| EXTRACTED DATA |

»»

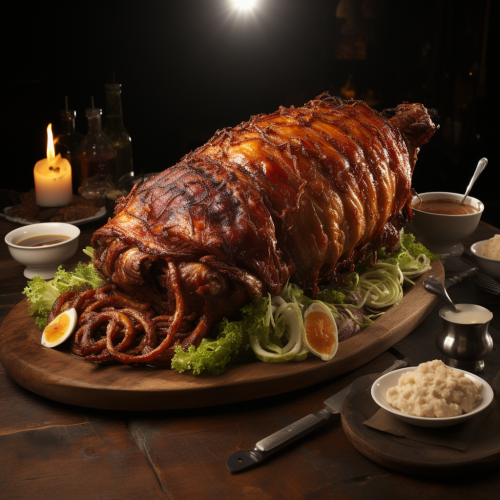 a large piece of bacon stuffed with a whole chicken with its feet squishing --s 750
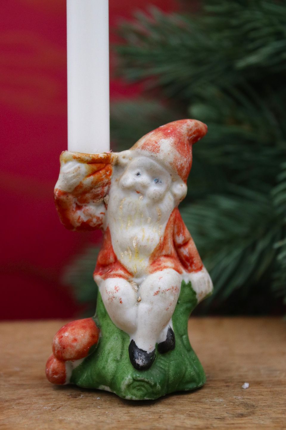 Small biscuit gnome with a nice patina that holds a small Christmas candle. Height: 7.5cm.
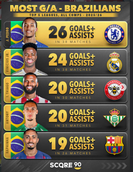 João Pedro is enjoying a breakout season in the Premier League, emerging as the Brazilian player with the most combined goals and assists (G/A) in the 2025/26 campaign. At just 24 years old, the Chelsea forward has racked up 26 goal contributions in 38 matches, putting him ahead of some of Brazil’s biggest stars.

««
»»

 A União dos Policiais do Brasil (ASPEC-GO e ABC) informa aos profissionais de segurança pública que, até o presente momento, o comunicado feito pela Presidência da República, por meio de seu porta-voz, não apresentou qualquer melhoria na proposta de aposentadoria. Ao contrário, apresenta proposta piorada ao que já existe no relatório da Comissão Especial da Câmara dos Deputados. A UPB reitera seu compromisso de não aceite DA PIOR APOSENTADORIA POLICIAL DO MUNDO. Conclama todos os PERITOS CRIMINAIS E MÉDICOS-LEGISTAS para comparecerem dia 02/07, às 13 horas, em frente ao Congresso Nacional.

««
»»

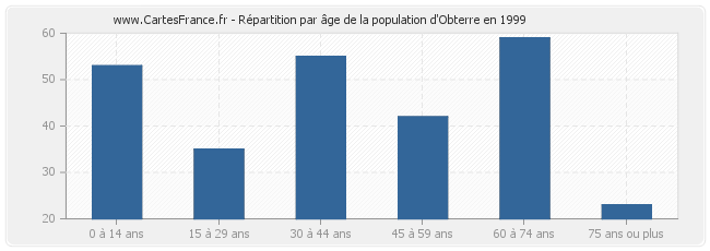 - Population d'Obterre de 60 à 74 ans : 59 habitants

««

| TASK STATEMENT |
Using the records above, return verbatim only the part that opens with the line containing "a large piece" and closes with the line containing "João Pedro is"; pictures stay out.

| REPLY |
 a large piece of bacon stuffed with a whole chicken with its feet squishing --s 750
 Small biscuit gnome with a nice patina that holds a small Christmas candle. Height: 7.5cm.
 João Pedro is enjoying a breakout season in the Premier League, emerging as the Brazilian player with the most combined goals and assists (G/A) in the 2025/26 campaign. At just 24 years old, the Chelsea forward has racked up 26 goal contributions in 38 matches, putting him ahead of some of Brazil’s biggest stars.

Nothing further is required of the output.